Training Phase MCOD does not have a training phase since its model operates over a single window by computing pairwise distances.

Model Update A new sample p can either: (i) be inserted into its nearest MC (see Eq. 1) if the distance from the center ($ mcc $) of that MC is $\le $ R/2; or (ii) form a new MC if it has at least K neighbors in PD list within a distance $\le R/2$; or (iii) be inserted into PD.

Forgetting Mechanism MCOD forgets all samples that have been processed in a current window before processing the next window. A forgotten sample can: (i) dissolve an MC if it contains less than K + 1 points; or (ii) be removed from the PD list.

Anomaly Report After processing new and forgotten samples, every sample with less than K neighbors is reported as anomaly.

$$\begin{aligned}{} & {} mcc _{p}^{\star } = {\mathop {{{\,\textrm{argmin}\,}}}\limits _{ mcc }}\, dist(p, mcc) . \end{aligned}$$

(1)

$$\begin{aligned}{} & {} R \text {-Neigh} (p) = \vert \{p' \vert dist(p, p ') < R \}\vert \end{aligned}$$

(2)

A running example inspired from the MCOD paper [40] is presented in Fig. 2 over the two sliding windows depicted in Fig. 1a.
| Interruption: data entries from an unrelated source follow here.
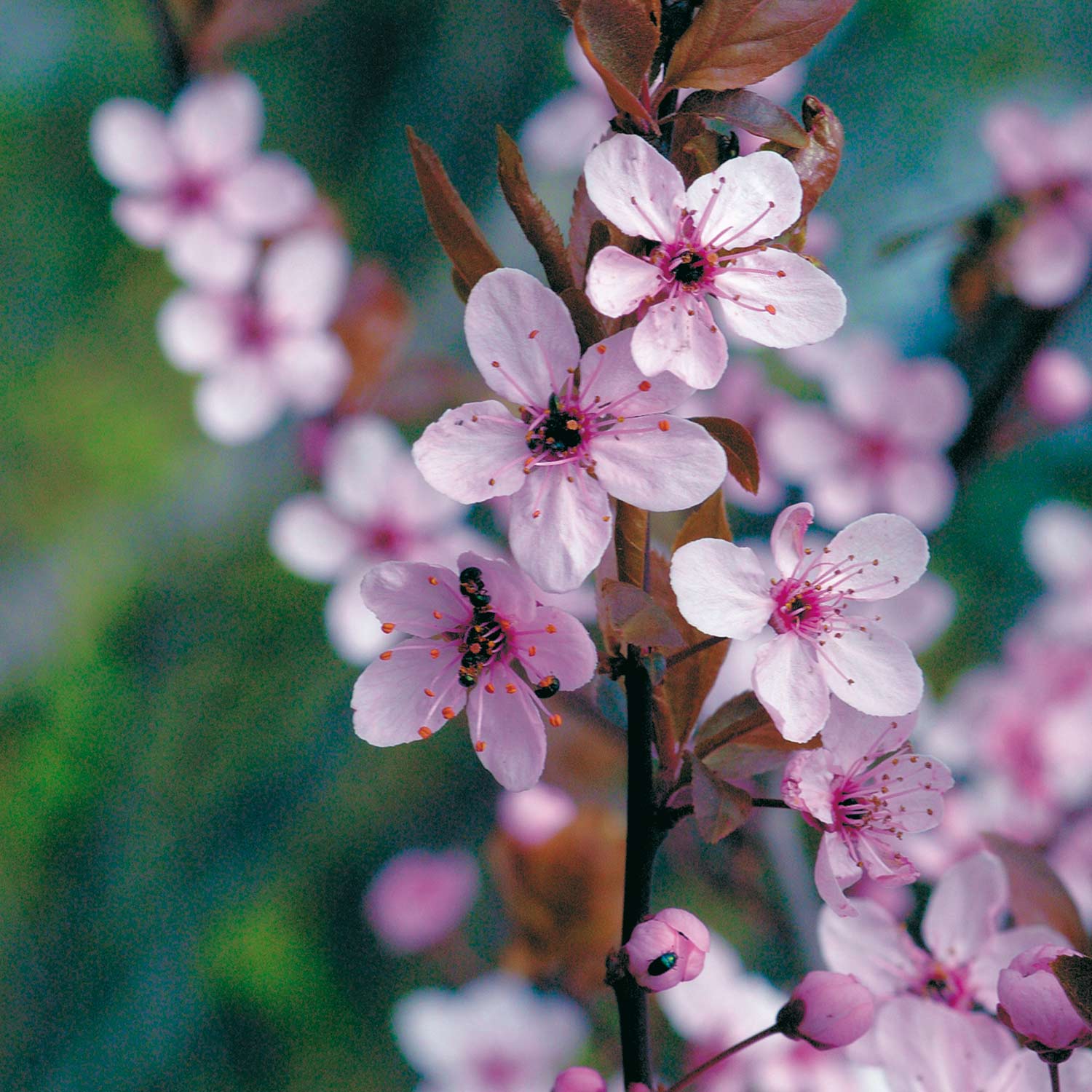 Das braunrote Laub der Blutpflaume bietet einen ganz tollen Kontrast zu anderen grünen Laubgehölzen. Die rosafarbenen Blüten leuchten ab April in einer unendlich Vielzahl. Im Herbst trägt die Blutpflaume dann ihre dunkelroten, 2-3 cm dicken, sehr saftig-süß schmeckenden Pflaumen.
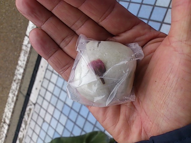 お店の方が申し訳ないねと出来損ないだから売らなっかったという花見まんじゅうを一個手渡してくれました。
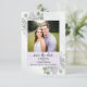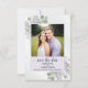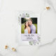 Este cartão de salvar a data do casamento é simples, rústico, elegante e lindo. Ele apresenta sua foto em uma moldura lavanda ou roxa clara cercada por uma profusão de folhas de eucalipto e flores de lavanda pintadas à mão em aquarela sobre um fundo azul aço pálido marmorizado. O título lê: Salve a Data em caligrafia com letra cursiva rendada com espaço para os nomes do casal, a data e o local. O verso tem um pequeno buquê amarrado com um laço branco. Uma maneira maravilhosa de deixar seus amigos e familiares saberem sobre o seu próximo casamento.
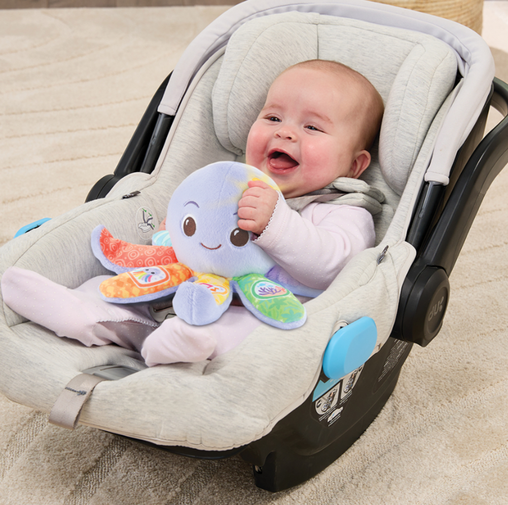 The VTech baby plush octopus invites children to discover and play. With soft tentacles, glowing starfish and interactive buttons, it stimulates the senses, auditory perception and colours in a playful way.
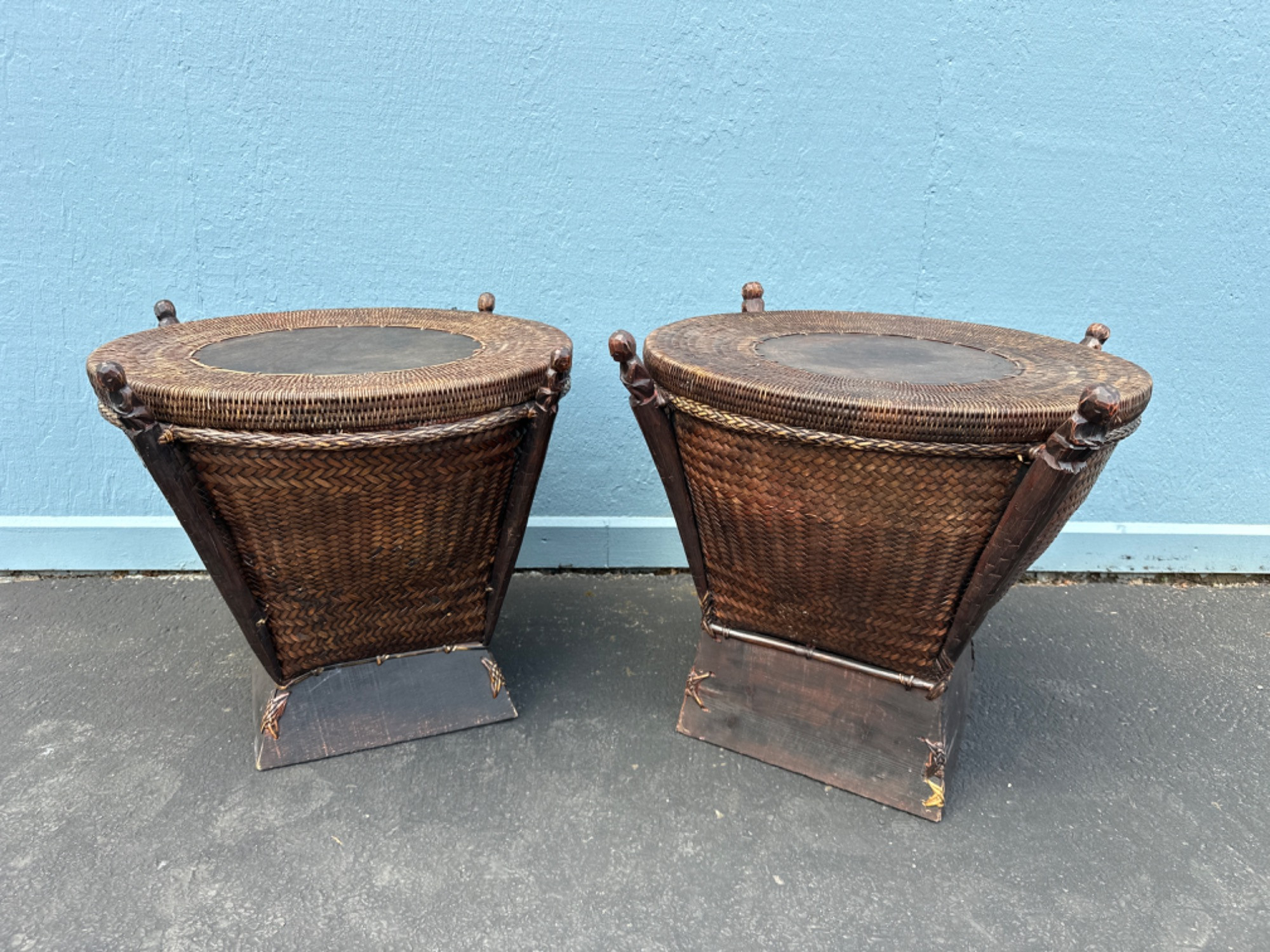 Woven Reed and Wood Basket Drum Side Tables - Tops Remove Both pieces are approximately 21”T x 23” Both in good condition with minor wear along the bases

Samples have two features, namely {F1, F2}. Using the first window (Fig. 2a), MCOD builds a micro-cluster $ MC_1 $ containing the samples $p_1, p_2, p_3, p_6$, which are considered as normal. The PD list contains the samples that do not belong to $ MC_1 $: $p_4, p_5, p_7$. Sample $p_4$ is normal as it has $K=3$ neighbors within distance R. Samples $p_5, p_7$ are anomalies since they have less than $K=3$ neighbors within distance R. Next, all samples of the first window are forgotten, so $ MC_1 $ is dissolved and PD is emptied. MCOD then processes the second window (Fig. 2b) and forms the micro-cluster $ MC_2 $. Observe that $p_7$ is now a normal sample, while $p_6$ is an anomaly because its preceding neighbors have been forgotten.

MCOD originally provides a binary label l as outcome depicted in Eq. 3$ MCOD_l $: 0 for normal and 1 for abnormal samples. However, to homogenize the comparison of the outcome with other algorithms, we need a continuous scoring function of samples. We therefore use the function $ MCOD_s $ that gives a score s depicted in Eq. 4. Intuitively, the more a sample lies in a sparse region, i.e., it has few or no neighbors within distance R, or it is far away from its nearest MC, the higher it should be scored. For instance, $p_7$ and $p_3$ in Fig. 2a will, respectively, get the highest and lowest score. Also, $p_5$ has a higher score than $p_4$ which has a higher score than $p_6$.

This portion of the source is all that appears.